**Supplied data:**
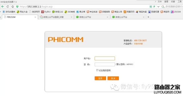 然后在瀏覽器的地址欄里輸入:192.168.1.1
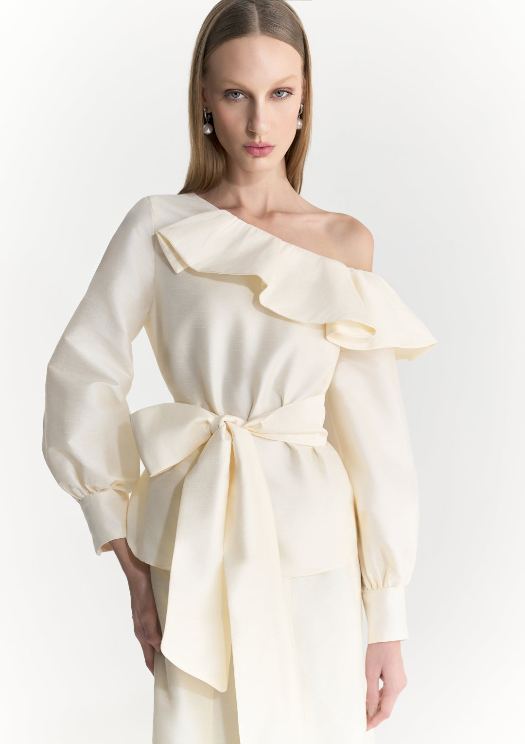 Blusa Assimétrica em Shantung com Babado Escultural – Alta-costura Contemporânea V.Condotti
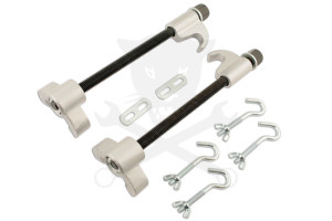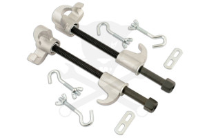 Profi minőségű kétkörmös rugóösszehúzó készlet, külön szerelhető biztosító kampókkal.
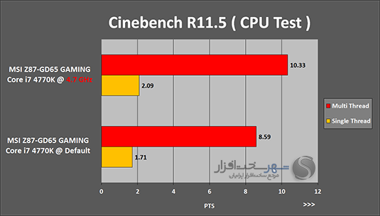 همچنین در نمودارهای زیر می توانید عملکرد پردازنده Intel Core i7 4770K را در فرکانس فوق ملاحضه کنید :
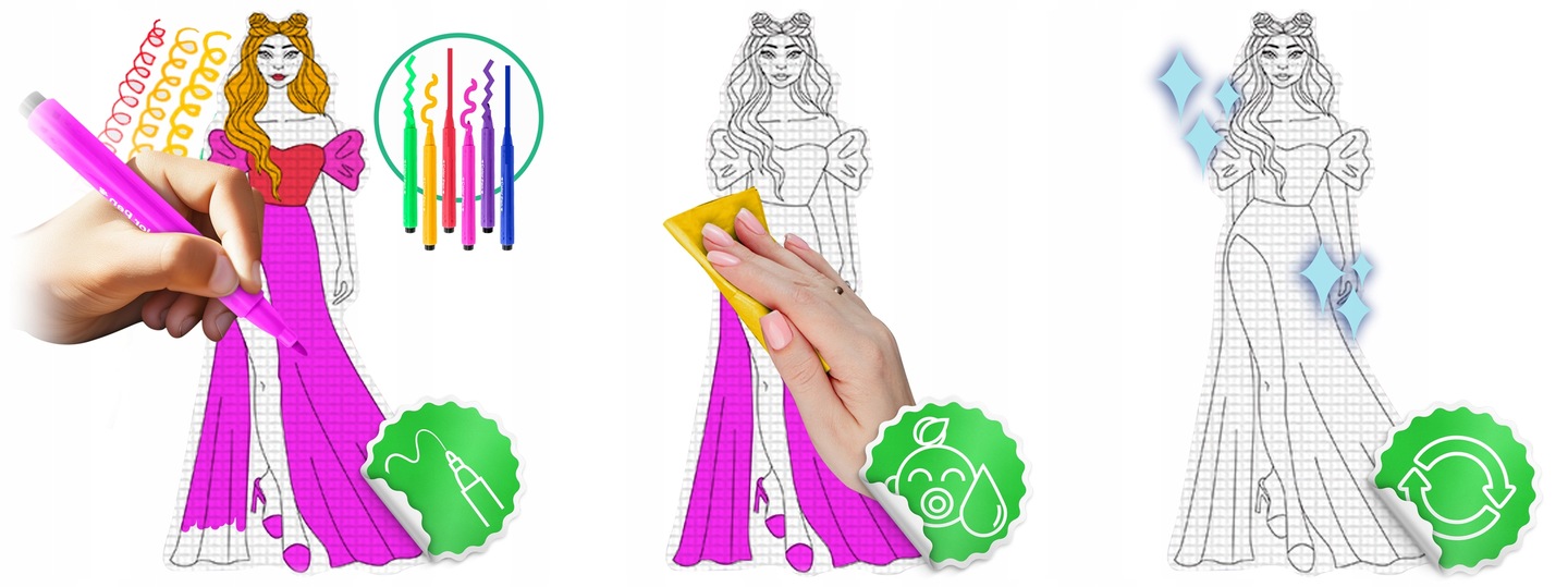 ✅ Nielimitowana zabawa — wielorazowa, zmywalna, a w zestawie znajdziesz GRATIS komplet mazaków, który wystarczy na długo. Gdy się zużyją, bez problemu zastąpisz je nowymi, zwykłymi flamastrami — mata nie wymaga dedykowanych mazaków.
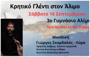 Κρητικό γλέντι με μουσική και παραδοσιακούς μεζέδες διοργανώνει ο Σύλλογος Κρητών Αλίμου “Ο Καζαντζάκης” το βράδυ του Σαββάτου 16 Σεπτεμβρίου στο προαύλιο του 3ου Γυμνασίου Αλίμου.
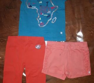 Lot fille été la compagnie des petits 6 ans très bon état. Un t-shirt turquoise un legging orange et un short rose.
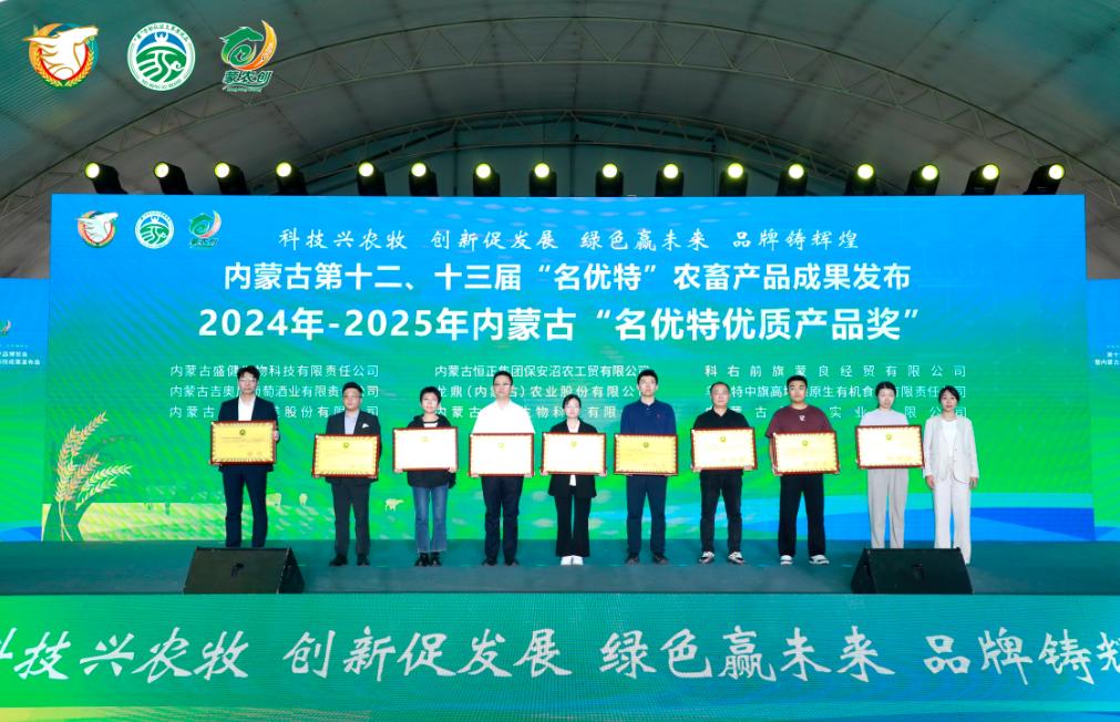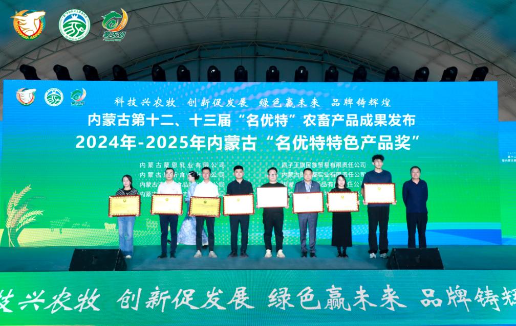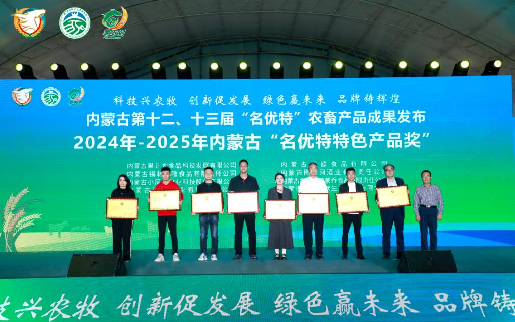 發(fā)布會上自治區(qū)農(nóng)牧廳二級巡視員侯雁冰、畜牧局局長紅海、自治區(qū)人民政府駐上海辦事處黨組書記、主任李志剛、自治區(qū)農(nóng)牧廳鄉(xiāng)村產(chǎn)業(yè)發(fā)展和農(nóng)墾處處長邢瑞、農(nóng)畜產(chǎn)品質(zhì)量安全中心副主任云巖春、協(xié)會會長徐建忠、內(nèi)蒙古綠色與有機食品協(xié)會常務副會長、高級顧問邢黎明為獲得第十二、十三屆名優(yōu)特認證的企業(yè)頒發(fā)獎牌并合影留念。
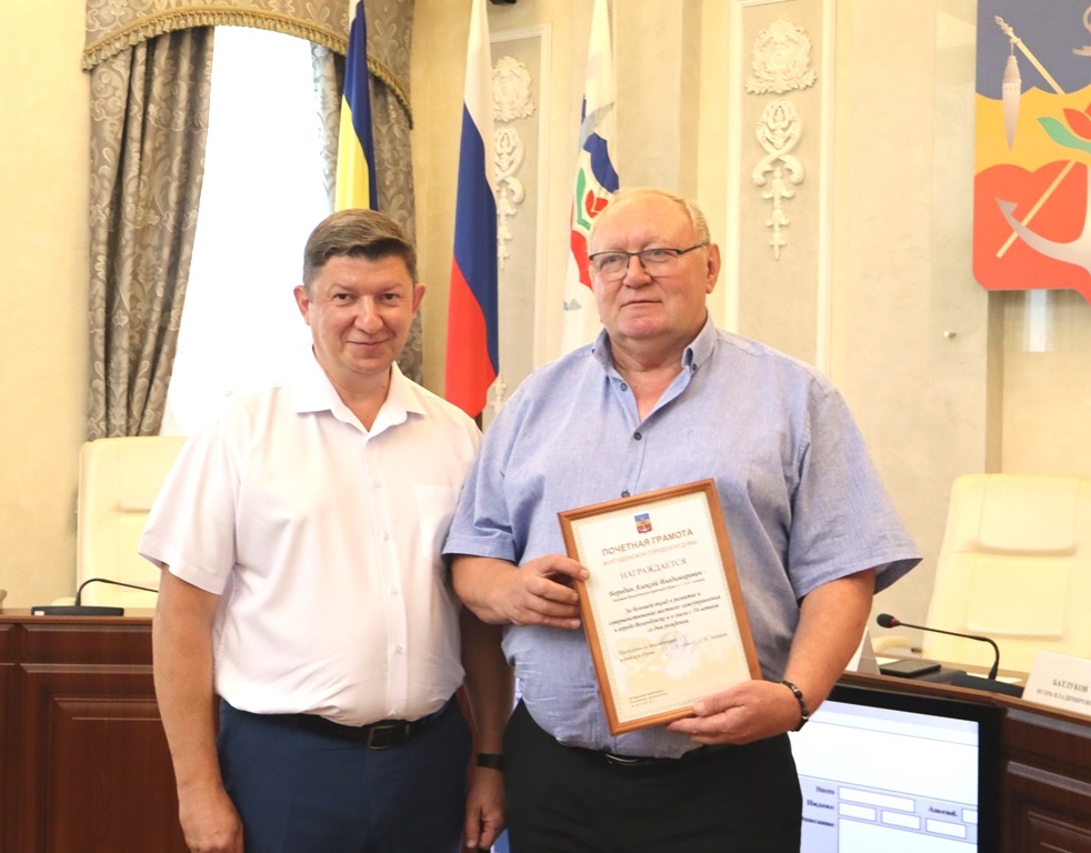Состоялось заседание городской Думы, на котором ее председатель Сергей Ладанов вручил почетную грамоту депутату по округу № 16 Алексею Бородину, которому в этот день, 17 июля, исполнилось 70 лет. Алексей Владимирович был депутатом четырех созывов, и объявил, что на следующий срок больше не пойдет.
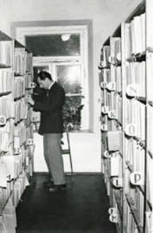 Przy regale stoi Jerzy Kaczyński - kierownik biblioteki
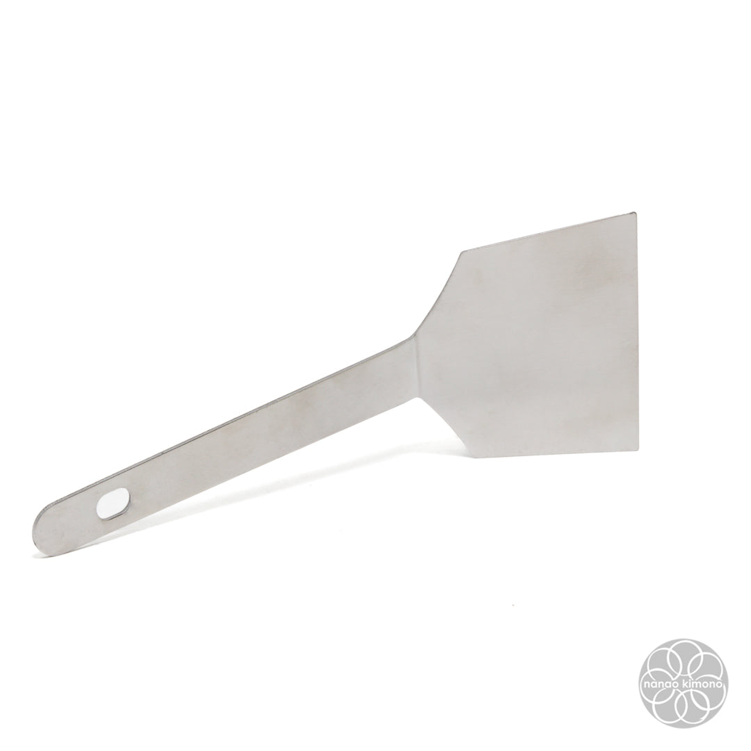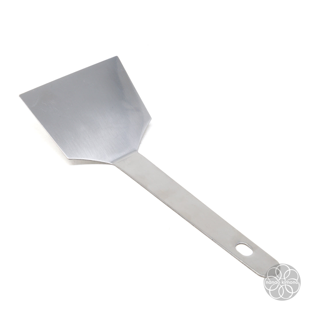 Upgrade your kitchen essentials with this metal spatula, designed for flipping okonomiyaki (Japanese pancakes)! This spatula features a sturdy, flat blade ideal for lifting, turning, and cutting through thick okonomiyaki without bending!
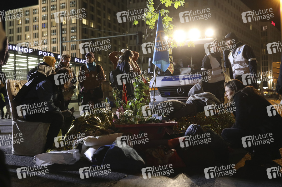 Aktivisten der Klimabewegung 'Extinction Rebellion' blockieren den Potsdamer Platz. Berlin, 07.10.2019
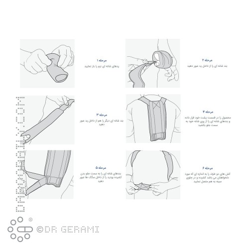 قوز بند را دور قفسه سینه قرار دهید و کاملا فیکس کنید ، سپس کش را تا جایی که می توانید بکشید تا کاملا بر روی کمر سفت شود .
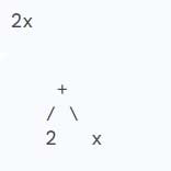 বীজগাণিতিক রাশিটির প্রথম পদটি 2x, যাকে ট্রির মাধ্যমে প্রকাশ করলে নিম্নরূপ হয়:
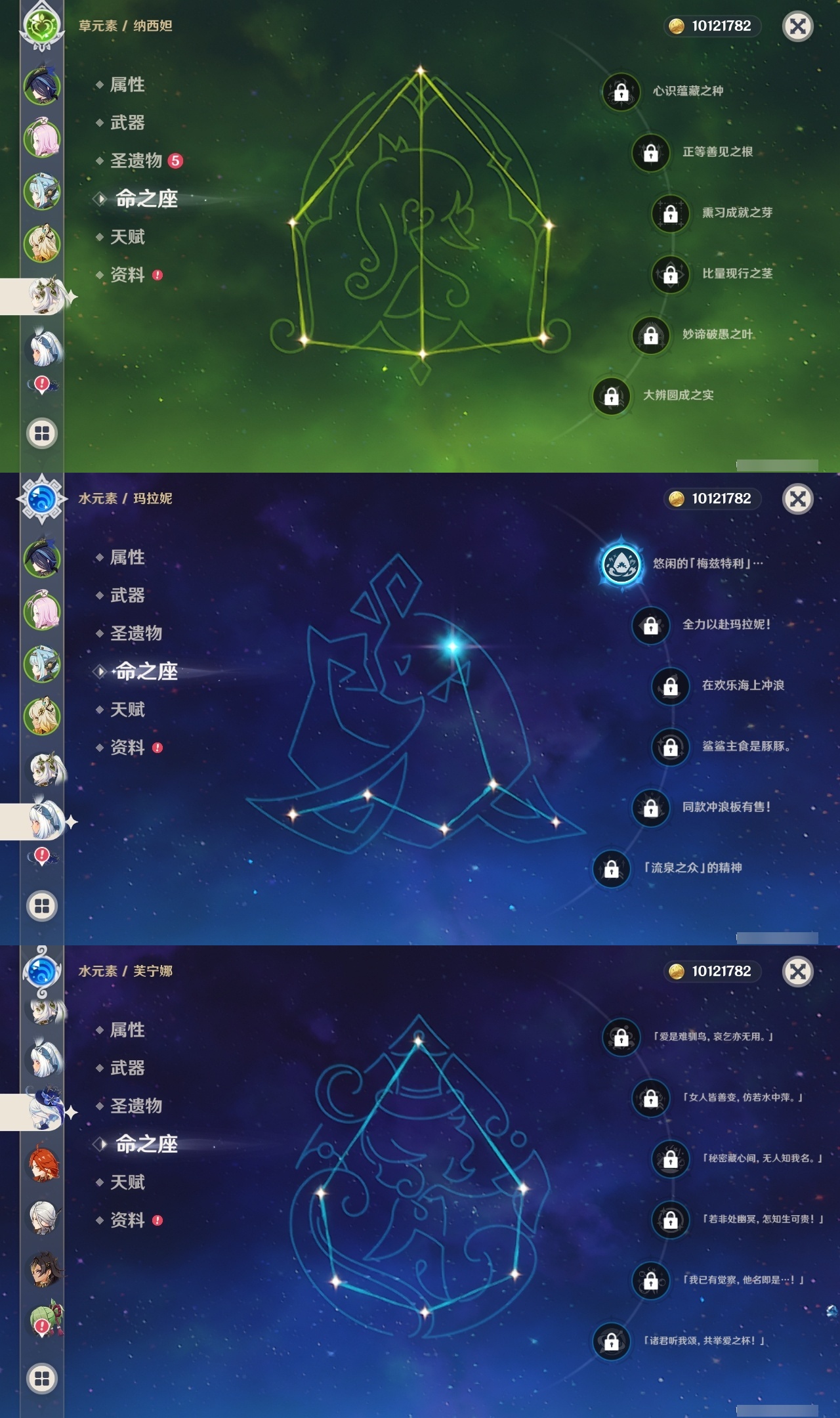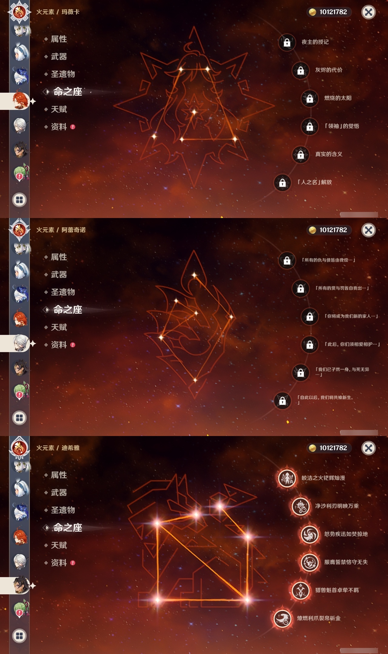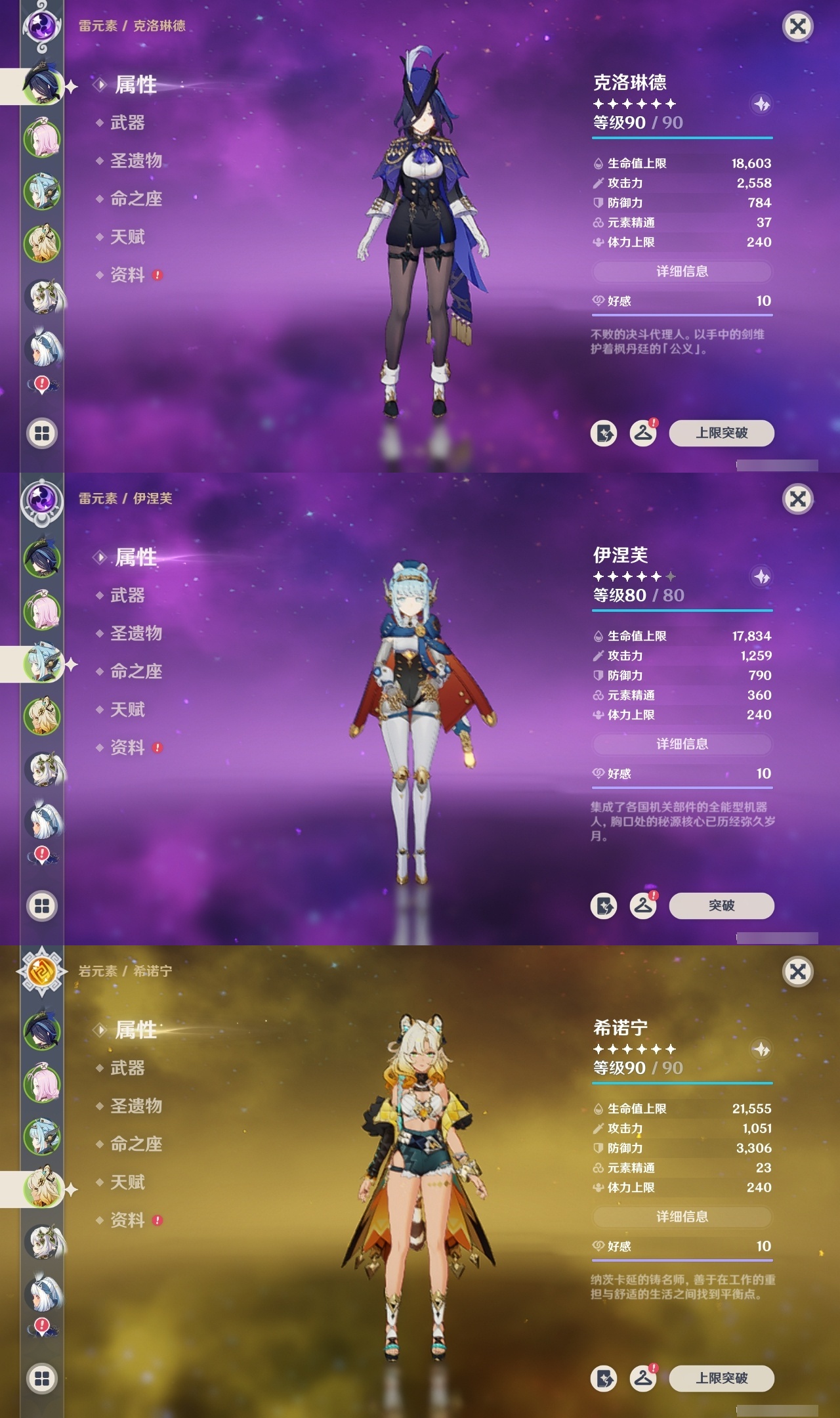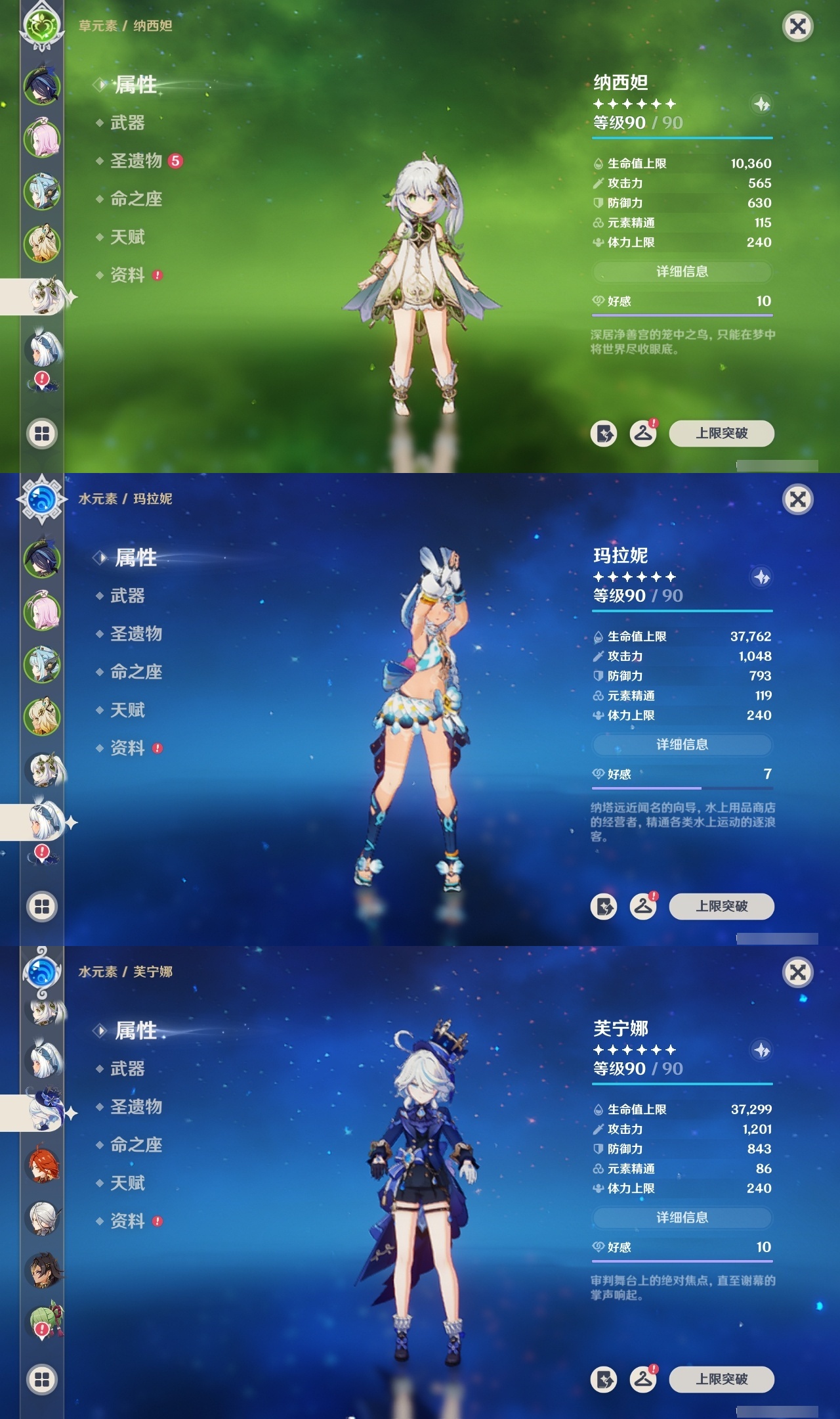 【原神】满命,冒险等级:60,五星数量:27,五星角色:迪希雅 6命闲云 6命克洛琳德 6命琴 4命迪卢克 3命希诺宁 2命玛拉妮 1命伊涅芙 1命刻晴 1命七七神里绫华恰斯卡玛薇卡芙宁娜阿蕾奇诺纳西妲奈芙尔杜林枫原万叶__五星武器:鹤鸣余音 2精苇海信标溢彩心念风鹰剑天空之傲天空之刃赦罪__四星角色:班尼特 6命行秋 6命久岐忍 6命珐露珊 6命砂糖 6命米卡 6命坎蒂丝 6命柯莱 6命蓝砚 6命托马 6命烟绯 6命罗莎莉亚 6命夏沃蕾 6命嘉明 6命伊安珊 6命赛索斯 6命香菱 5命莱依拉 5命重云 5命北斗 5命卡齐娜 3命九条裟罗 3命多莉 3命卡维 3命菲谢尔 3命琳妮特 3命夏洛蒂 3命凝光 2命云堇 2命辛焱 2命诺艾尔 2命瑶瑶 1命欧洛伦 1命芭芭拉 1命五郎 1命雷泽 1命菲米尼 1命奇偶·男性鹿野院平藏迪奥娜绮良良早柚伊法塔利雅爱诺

**What you need to do:** Quote word for word only the lines above from the one containing "Κρητικό γλέντι με" through the one containing "發(fā)布會上自治區(qū". Pictures stay out of your copy.

**Answer box:**
 Κρητικό γλέντι με μουσική και παραδοσιακούς μεζέδες διοργανώνει ο Σύλλογος Κρητών Αλίμου “Ο Καζαντζάκης” το βράδυ του Σαββάτου 16 Σεπτεμβρίου στο προαύλιο του 3ου Γυμνασίου Αλίμου.
 Lot fille été la compagnie des petits 6 ans très bon état. Un t-shirt turquoise un legging orange et un short rose.
 發(fā)布會上自治區(qū)農(nóng)牧廳二級巡視員侯雁冰、畜牧局局長紅海、自治區(qū)人民政府駐上海辦事處黨組書記、主任李志剛、自治區(qū)農(nóng)牧廳鄉(xiāng)村產(chǎn)業(yè)發(fā)展和農(nóng)墾處處長邢瑞、農(nóng)畜產(chǎn)品質(zhì)量安全中心副主任云巖春、協(xié)會會長徐建忠、內(nèi)蒙古綠色與有機食品協(xié)會常務副會長、高級顧問邢黎明為獲得第十二、十三屆名優(yōu)特認證的企業(yè)頒發(fā)獎牌并合影留念。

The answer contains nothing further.